Flanked by today's service personnel, the tide of more than 8,000 moved slowly past the Cenotaph.
Most were marching, some though were pushed in wheelchairs - one man rose from his and insisted on walking the last few paces himself clutching a wreath in the shape of an anchor.
Some wore bowler hats, others, armbands with the insignia of the Home Guard.
In their midst was a child.
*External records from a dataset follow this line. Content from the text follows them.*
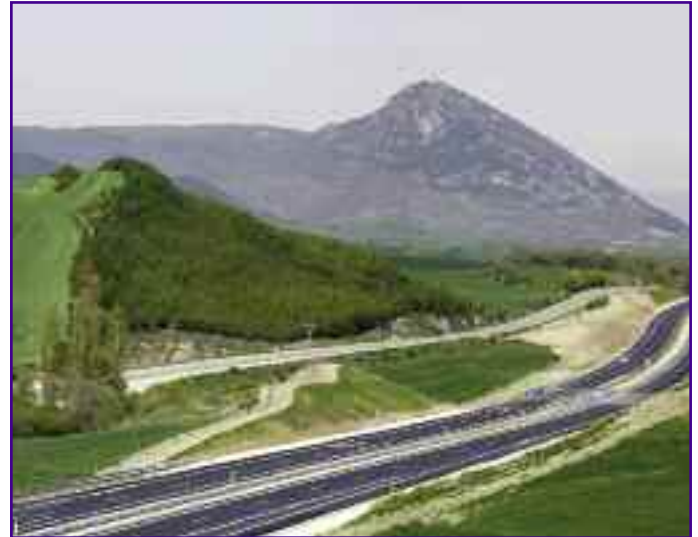
Imagen del nuevo tramo abierto al tráfico, visto desde Izco.

Para el valle de Ibargoiti supone la culminación de la obra a su paso por su territorio (7 Km y medio y 600.000 m2 por el fondo
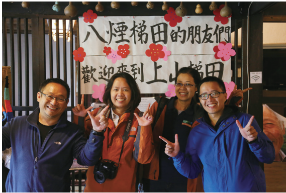
▲生態工法發展基金會拜會日本姊妹梯田英田上山棚田團受到當地朋友熱烈的歡迎

沒有大規模機械化耕作的農耕時代，人類與大自然互動所形塑的「社會生態生產地景」（Socio-ecological Production Landscape）；反思過去老祖宗尊天敬地的生活智慧，回歸人類與大自然的和諧關係。台灣在經濟泡沫化，許多都市漂鳥願意大批回歸農村的同時，我們是否也該認真思考，應透過什麼樣的機制，讓傳統農村的技術傳承、生活智慧、老年照護與生態環境可以回歸我們對桃花源的想像，讓有機農村遍地開花，形成台灣生態的重要網絡。聯合國「里山倡議」所揭櫫的共生願景及三種做法，似乎是一帖讓我們可以重新思考土地倫理與產業價值的良方。
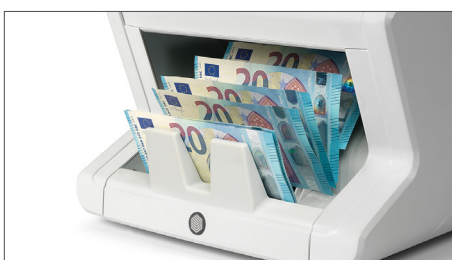
Zählt sortierte Banknoten aller Währungen
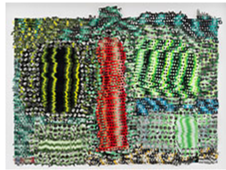
Clusters © Olivia Pettersson Fleur
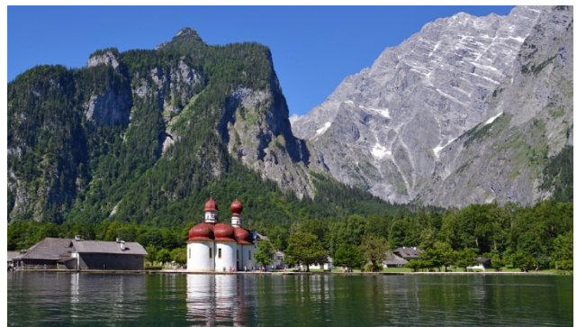
Am Königsee mit St. Barolomä
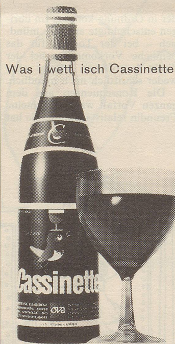
Was i wett isch Cassinette
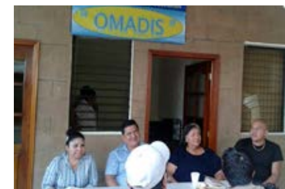
Reunión de personas con Discapacidad, concejales municipales y coordinador de OMADIS de Villa El Carmen Cuscatlán.
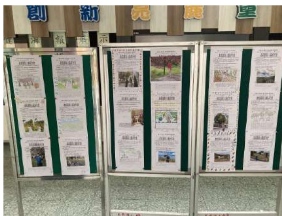
說明：寒假作業-視力保健學習單展示。
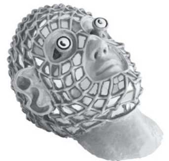
47 AD))) MICHEL GOUÉRY SEYMOUR, 2008 Cerâmica, cimento e espelhos / Ceramic, concrete and mirrors
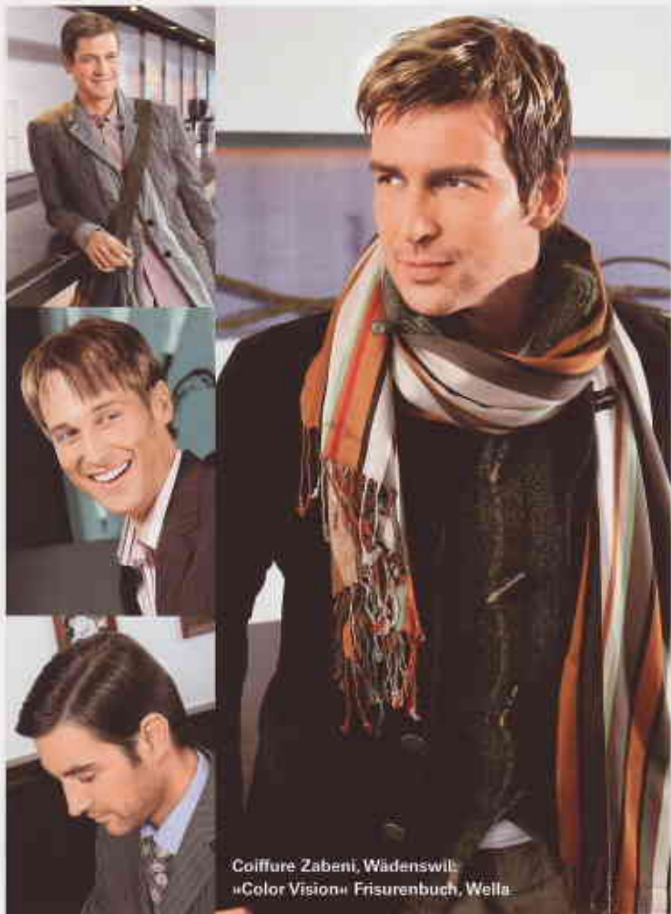
Coiffure Zabeni, Wädenswil: »Color Vision« Frisurenbuch, Wella

Coiffure Zabeni: Mohawks, schrille Farben und »Vokuhila« (= vorne kurz, hinten lang). >
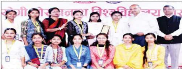
रासेयो शिविर के समापन पर पुरस्कृत छात्राएं व अन्य।
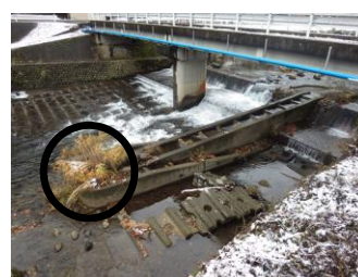
土砂が堆積してしまった魚道 【前川(郡上市)】
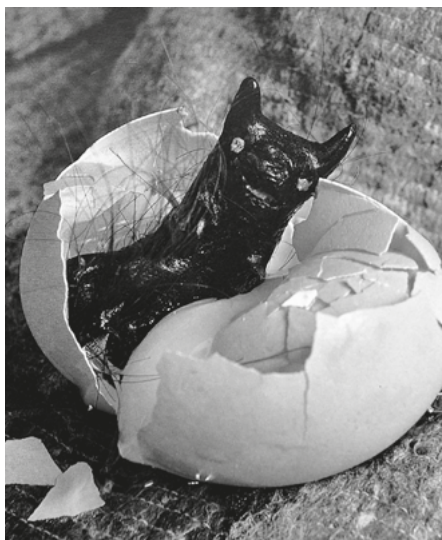
Bengoro – diabełek

Romskie wróżki rzadko pracowały samotnie. Zazwyczaj chodziły parami lub w grupach, z córkami i kuzynkami, które przyuczały się do zawodu. Wierzono, że zdolności magiczne przechodzą z matki na córkę, a szczególną moc posiada siódma córka siódmej córki.
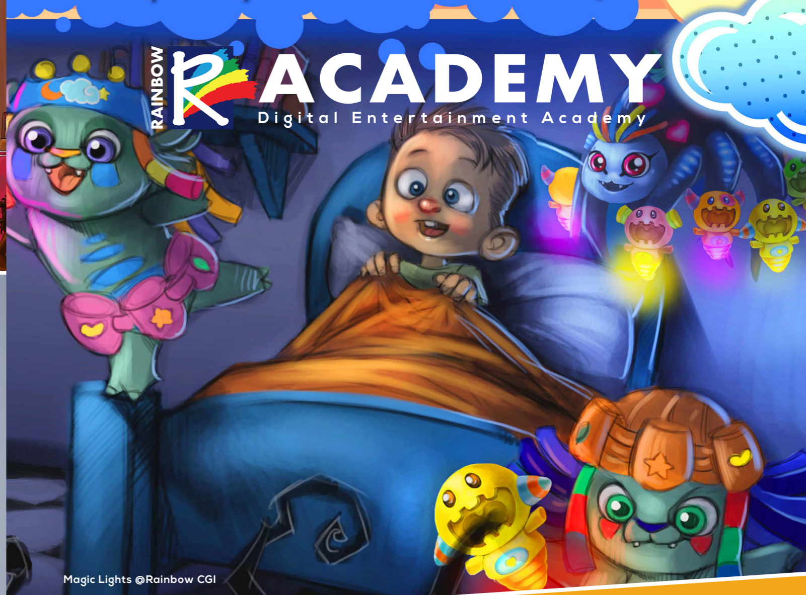
Magic Lights @Rainbow CGI
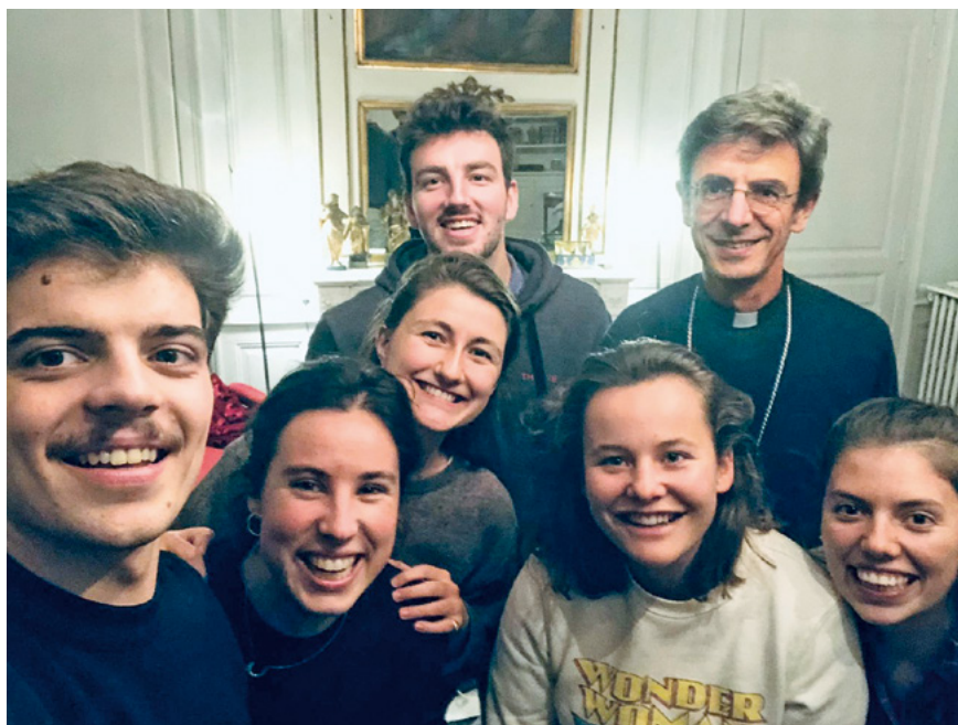
M GR PIERRE-ANTOINE BOZO, ÉVÊQUE DE LIMOGES

Il ne s'agissait pas de vacances à la campagne, plutôt d'un pari fou : confiner ensemble des jeunes qui pour la plupart ne se connaissent pas, dans des paroisses plutôt isolées avec une vie communautaire exigeante, et disponibles pour rendre service en dehors de leur travail. Maraudes, visites aux personnes seules, distribution de colis alimentaires, chantiers peinture, réparations, vidéos, ani-
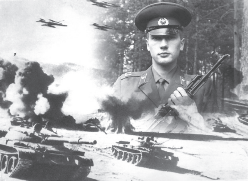
Selliseid propagandakollaaže võis tellida väeosa fotograafilt. This type of propaganda collages were compiled by military units' photographers
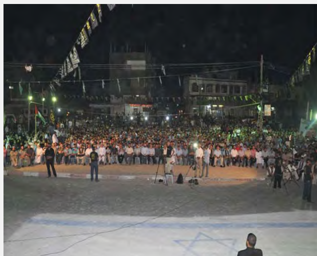
Боевики армейского крыла Исламского джихада в Палестине маршируют по флагу Израиля, нарисованному на шоссе (Ахбар Фалястин, 7 сентября 2012 года)

образом Ахмада аль Шейха Халиля 3 . В этом мероприятии участвовали руководители организации, семьи погибших боевиков и представители палестинских террористических организаций. Боевики армейского крыла организации устроили там военный парад и, маршируя, наступали на флаг Израиля (Ахбар Фалястин, 7 сентября 2012 года).

A young boy wearing a suit and medals, swinging his arms as hard as he could, trying to keep up.
"But I think it is also important to bear in mind the sacrifices of all those who've gone before - not least in this year that's seen the passing of the World War I generation."
In Cyprus, a memorial is due to be unveiled to commemorate 371 British servicemen killed by members of a Greek Cypriot Eoka-B terror group fighting for independence from 1955 to 1959.
About 400 relatives and veterans of that campaign will attend the ceremony, which will be conducted by the Bishop of Cyprus and the Gulf in the presence of the British High Commissioner.
The Muslim Council of Britain has published a Remembrance Day report highlighting the contribution of Muslims to the country's armed force and urging that their sacrifices should be recalled in the day's ceremonies.
It insists that although many Muslims disagreed with the government's decision to send soldiers to fight in Afghanistan and Iraq, they nevertheless supported the troops.
The Royal British Legion said it expected at least 90% of people in Britain to observe some kind of service.
Stuart Gendall, from the legion, said the "terrible images brought into our lounges from Iraq and Afghanistan" and the losses there had given people a better understanding of the sacrifices being made.